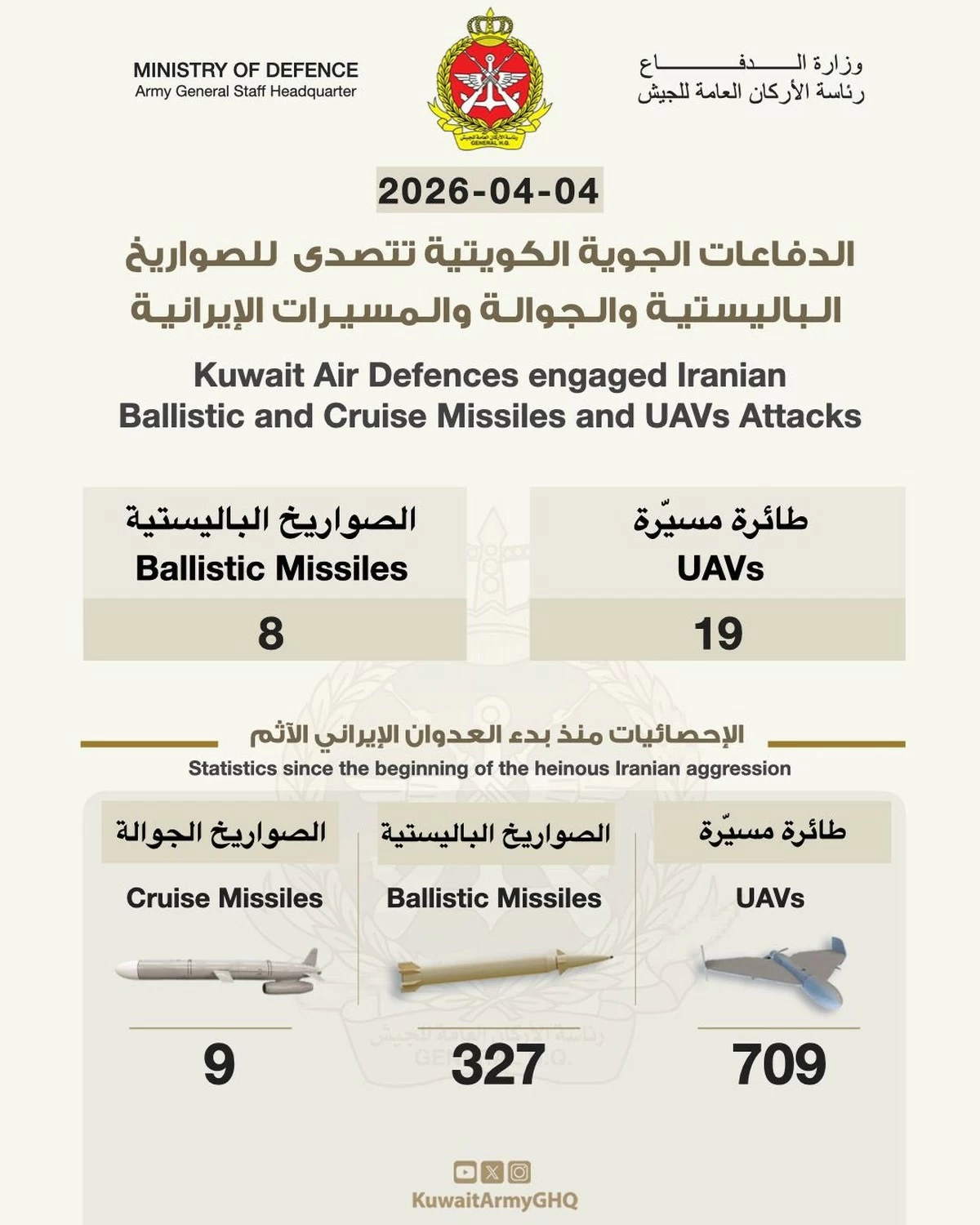KUWAIT CITY, Apr 4: The Ministry of Defense announced that the Armed Forces successfully monitored and responded to aerial threats over the past 24 hours, intercepting eight ballistic missiles and 19 hostile drones within Kuwaiti airspace without any reported casualties or material damage.
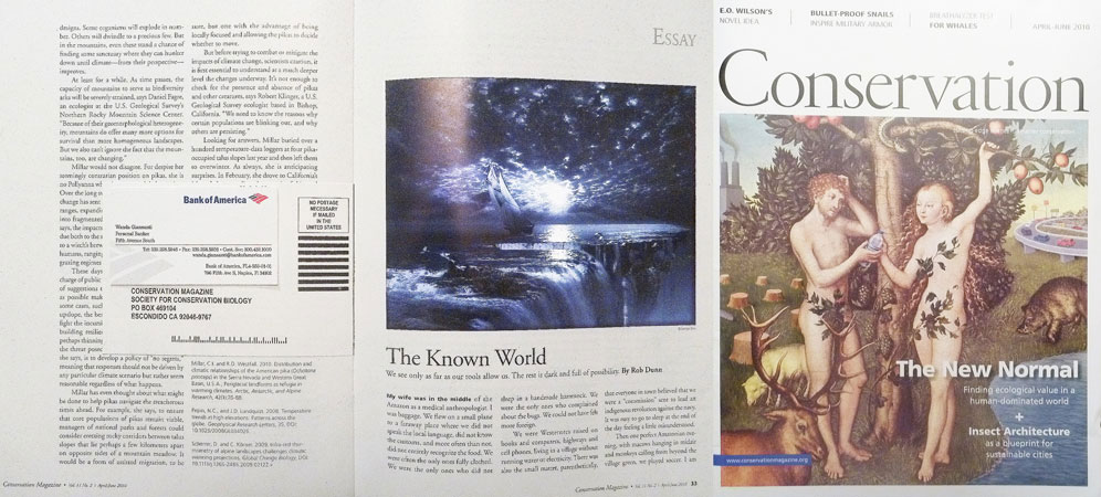UNIVERSITY OF WASHINGTON, Conservation magazine, USA2010 April-June. The "Final Frontier Voyager" work published in, Essay "The Known World" by Rob Dunn. Conservation magazine features cutting edge environmental science and groundbreaking conservation research. From underwater robots that spy on whales to the world's first industrial, indoor farm to the connection between divorce rates and environmental degradation, Conservation stories connect science and data with everyday human experience. |
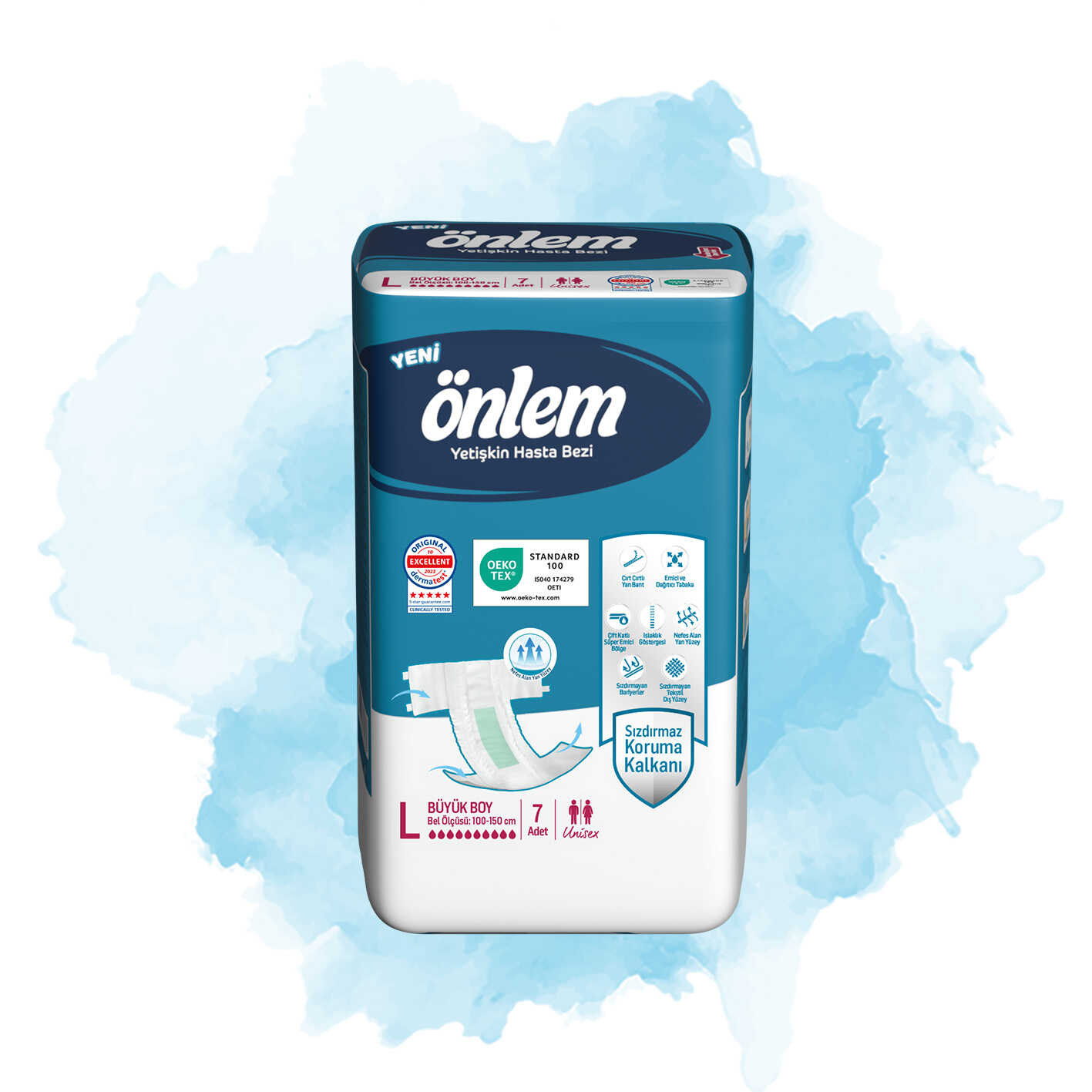 Önlem Yetişkin Hasta Bezi, sızdırmaz koruma kalkanı sayesinde idrar kaçırma sorunu yaşayanların kendilerini güvende ve kuru hissetmelerini sağlar. Alman Dermatest Laboratuvarları’nda yapılan klinik testler sonucu en üst seviye olarak belirlenen ‘5 Star Premium Segment’ (5 yıldızlı üstün segment) derecesiyle kullanıcıların cildini özenle koruduğu kanıtlanmıştır.

→ **Problem statement**:
With pictures omitted, copy exactly the lines from the one containing "UNIVERSITY OF WASHINGTON, Conservation" through the final line of the listing, both included.

→ **Result of this task**:
UNIVERSITY OF WASHINGTON, Conservation magazine, USA2010 April-June. The "Final Frontier Voyager" work published in, Essay "The Known World" by Rob Dunn. Conservation magazine features cutting edge environmental science and groundbreaking conservation research. From underwater robots that spy on whales to the world's first industrial, indoor farm to the connection between divorce rates and environmental degradation, Conservation stories connect science and data with everyday human experience. |
 Önlem Yetişkin Hasta Bezi, sızdırmaz koruma kalkanı sayesinde idrar kaçırma sorunu yaşayanların kendilerini güvende ve kuru hissetmelerini sağlar. Alman Dermatest Laboratuvarları’nda yapılan klinik testler sonucu en üst seviye olarak belirlenen ‘5 Star Premium Segment’ (5 yıldızlı üstün segment) derecesiyle kullanıcıların cildini özenle koruduğu kanıtlanmıştır.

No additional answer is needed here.